If you’re really not feeling any of that and just want some good ol’ rock n’ roll, I got you: over at Jerry’s check out the classic stylings of garage group Miranda & The Beat with 1910 Chainsaw Co. and The Out-Sect.

Just like the previous Friday, the 13th has a ton of rad shows happening. At Fireball Printing it’s an absolutely bonkers noise show with Crazy Doberman, Limbs Bin, Negligee, and the Lorenz York Duo. Baltimore’s avant droners Horse Lords are at Vox with Philly’s avant punkers Ooloi. Pedal steel wizard Susan Alcorn – who else can claim to have played with Jandek, Pauline Oliveros, and Eugene Chadbourne?! – is at Brickbat Books with guitarist Emily Robb, who you might know as a member of Louie Louie, Storks, and Astute Palate. And at Kung Fu Necktie super catchy rock n’ roll three piece Poppy are playing a record release show for their new one Snakes of New Jersey.
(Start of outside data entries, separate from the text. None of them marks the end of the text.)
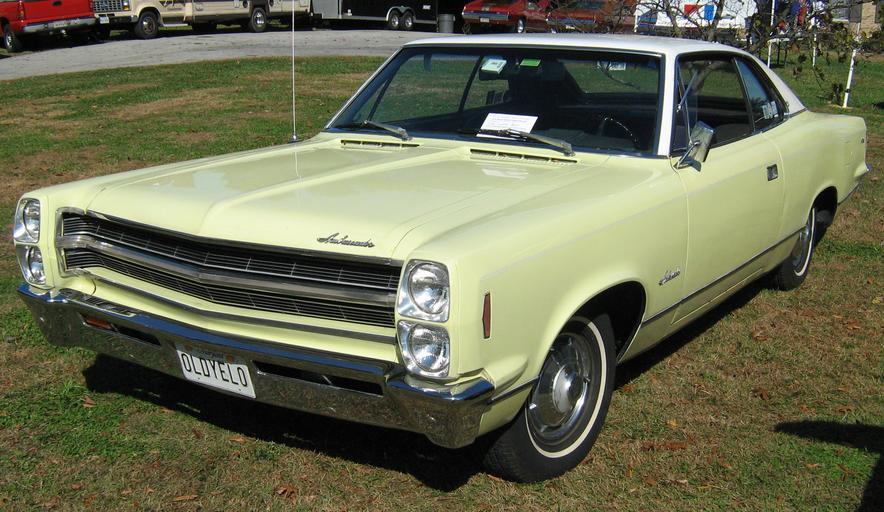 | Keywords: 1968 AMC Ambassador yellow 2-door.jpg 1968 Ambassador made by American Motors Corporation AMC A two-door hardtop with 343 CID 5 6 L V8 engine and automatic transmission This car is finished in Hialeah Yellow paint code P58A with two-tone roof paint Frost White - P58A Note the outside rear view mirror on this car is not factory original but an aftermarket replacement The lower body side moulding is not original but is similar in appearance to the factory trim for this model and year This vehicle also has visible collision damage with the right side of the front bumper along with the right side headlamp assembly pushed several inches into the right fender own 2008-10-26 CZmarlin ” Christopher Ziemnowicz releases all rights but a photo credit would be appreciated if this image is used anywhere other than Wikipedia Please leave a note at Wikipedia http //en wikipedia org/w/index php title User_talk CZmarlin action edit section new here Thank you AMC Ambassador Yellow coupes |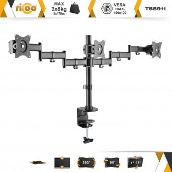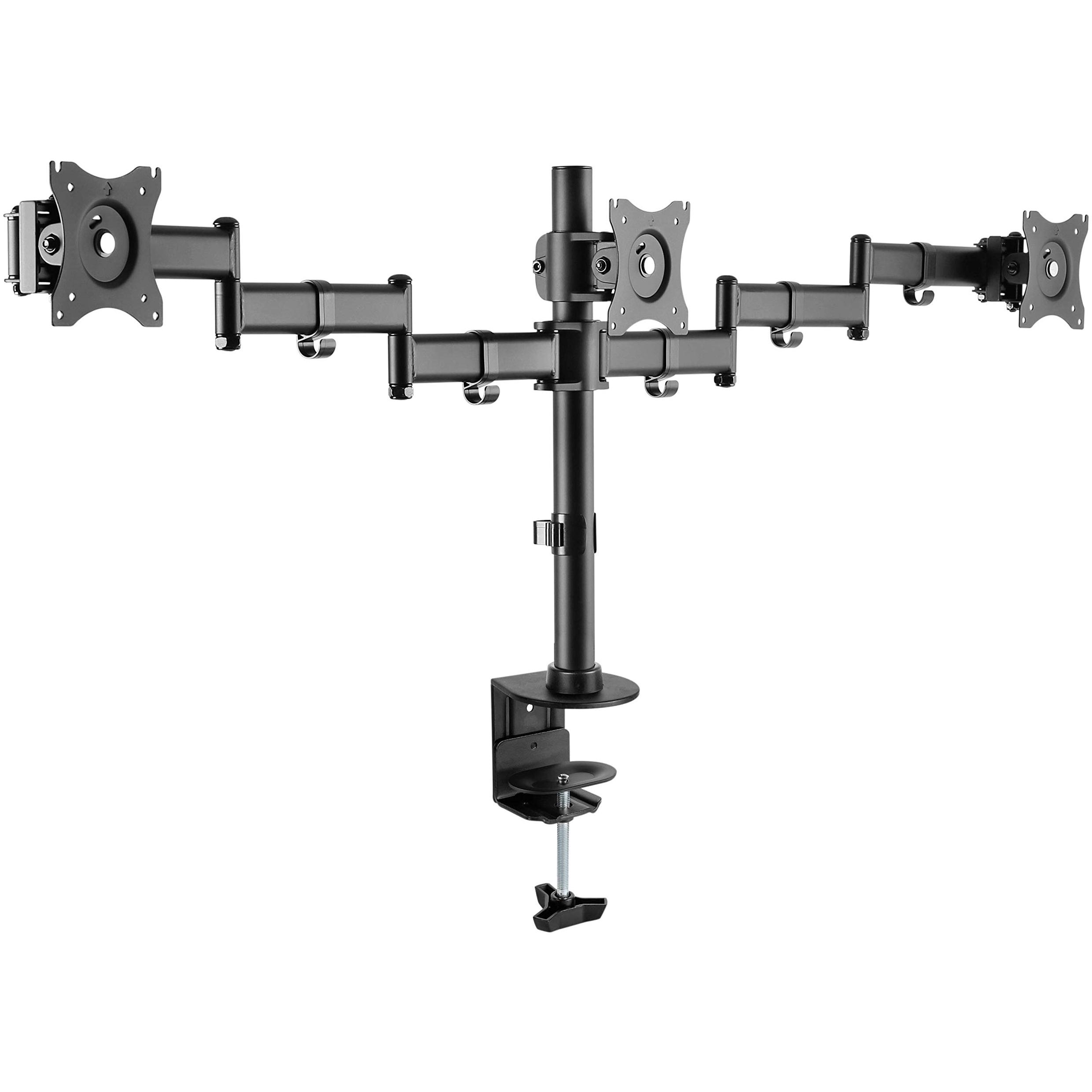 Braccio girevole e inclinabile che sostiene fino a tre monitor da 13‑27 pollici con VESA 75x75/100x100; regolazione dell’altezza, fissaggio salda ...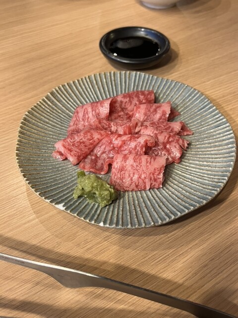 レアステーキ。たたきに近い。赤身が多いのに全然固く無い。おろしにんにくを少し多めにつけていただくと絶品。店主オススメベスト1。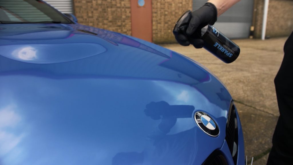 - Apply a small amount of Sparkle detail spray onto a small section or body panel at a time. Do not allow to dry.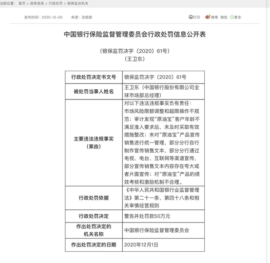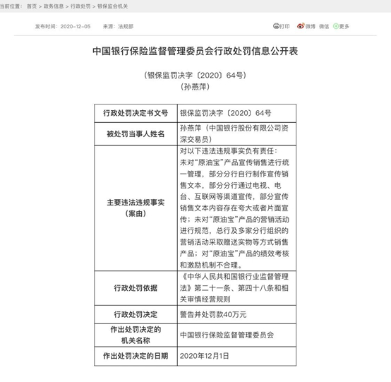 中行“原油宝”事件又有最新进展,监管祭出重拳严处罚。
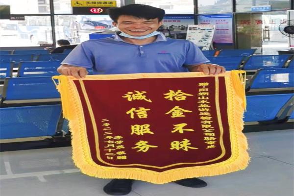 7月22日,游客李先生将一面印有“拾金不昧 诚信服务”的锦旗邮寄送到阳朔山水交运公司驾驶员骆章成手中,对骆章成拾金不昧的行为表示诚挚的谢意。

Also appearing on that bill are Foxy Contin and DJ Major Luke spinning punk and roots reggae.

Boogie Down Production’s KRS-One is performing Saturday night out at the Ardmore Music Hall with Reef The Lost Cauze. Serving as host is Lady B, who we just profiled along with a number of other female Philly MCs a few days ago.
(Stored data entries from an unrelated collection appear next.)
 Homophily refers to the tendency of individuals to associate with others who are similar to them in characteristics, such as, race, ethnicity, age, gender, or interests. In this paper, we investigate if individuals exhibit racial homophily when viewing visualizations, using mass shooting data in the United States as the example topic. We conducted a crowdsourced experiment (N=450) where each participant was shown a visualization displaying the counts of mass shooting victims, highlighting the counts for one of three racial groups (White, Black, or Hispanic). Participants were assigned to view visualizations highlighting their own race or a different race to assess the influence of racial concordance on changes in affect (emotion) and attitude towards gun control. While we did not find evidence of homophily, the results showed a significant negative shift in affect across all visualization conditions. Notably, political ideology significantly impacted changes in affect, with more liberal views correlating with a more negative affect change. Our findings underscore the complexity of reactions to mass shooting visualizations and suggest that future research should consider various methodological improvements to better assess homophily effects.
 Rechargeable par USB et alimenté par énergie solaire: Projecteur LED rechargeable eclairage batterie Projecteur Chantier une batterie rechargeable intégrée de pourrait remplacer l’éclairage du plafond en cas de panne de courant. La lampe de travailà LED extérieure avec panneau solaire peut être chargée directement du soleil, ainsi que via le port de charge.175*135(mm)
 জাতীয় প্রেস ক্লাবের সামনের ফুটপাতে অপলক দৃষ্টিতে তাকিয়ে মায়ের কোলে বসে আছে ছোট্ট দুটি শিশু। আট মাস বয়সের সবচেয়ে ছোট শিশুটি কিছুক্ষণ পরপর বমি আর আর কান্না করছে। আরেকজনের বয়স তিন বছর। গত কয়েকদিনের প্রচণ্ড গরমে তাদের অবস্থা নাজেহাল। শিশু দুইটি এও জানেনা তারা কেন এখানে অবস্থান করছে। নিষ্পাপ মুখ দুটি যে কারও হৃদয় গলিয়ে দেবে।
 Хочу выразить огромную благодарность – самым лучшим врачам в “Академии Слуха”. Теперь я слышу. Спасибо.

I rarely buy advanced tickets – it’s not that I’m particularly forgetful, there’s just so much going on – but the second the Ted Leo-fronted Dexys Midnight Runners cover band Too-Rye-Ay announced their Philly debut I made sure to go online and guarantee my admission to the Johnny Brenda’s show that evening.

You might only know the radio hits, or at least the ones that were also huge in the States, but the Dexys were a machine, churning out song-after-song of soul-tinged political pop that is as wonderful as it is perfect. Add in Ted Leo – he of the Pharmacists, in case you didn’t know – and you have yourself what is stacking up to be an absolutely incredible night of music.

The final entry on my calendar for the first half of the month is that absolute doozy jazz show on Sunday the 15that Vox with the always-entertaining CP Unit – that’s saxophonist Chris Pitsiokos and his band – playing a record release for their new album One Foot On The Ground Smoking Mirror Shakedow on Ramp Local. Opening up will be noise freaks Dog Hospice and Sirius JuJu, which includes members of the Arkestra.

Alright! There you have it: a full list of just about every type of DIY gig under the sun, all happening in Philadelphia in the next two weeks. So while we might not be able to claim that the idea was invented here, it’s quite clear that we perfected it. See you in the basement!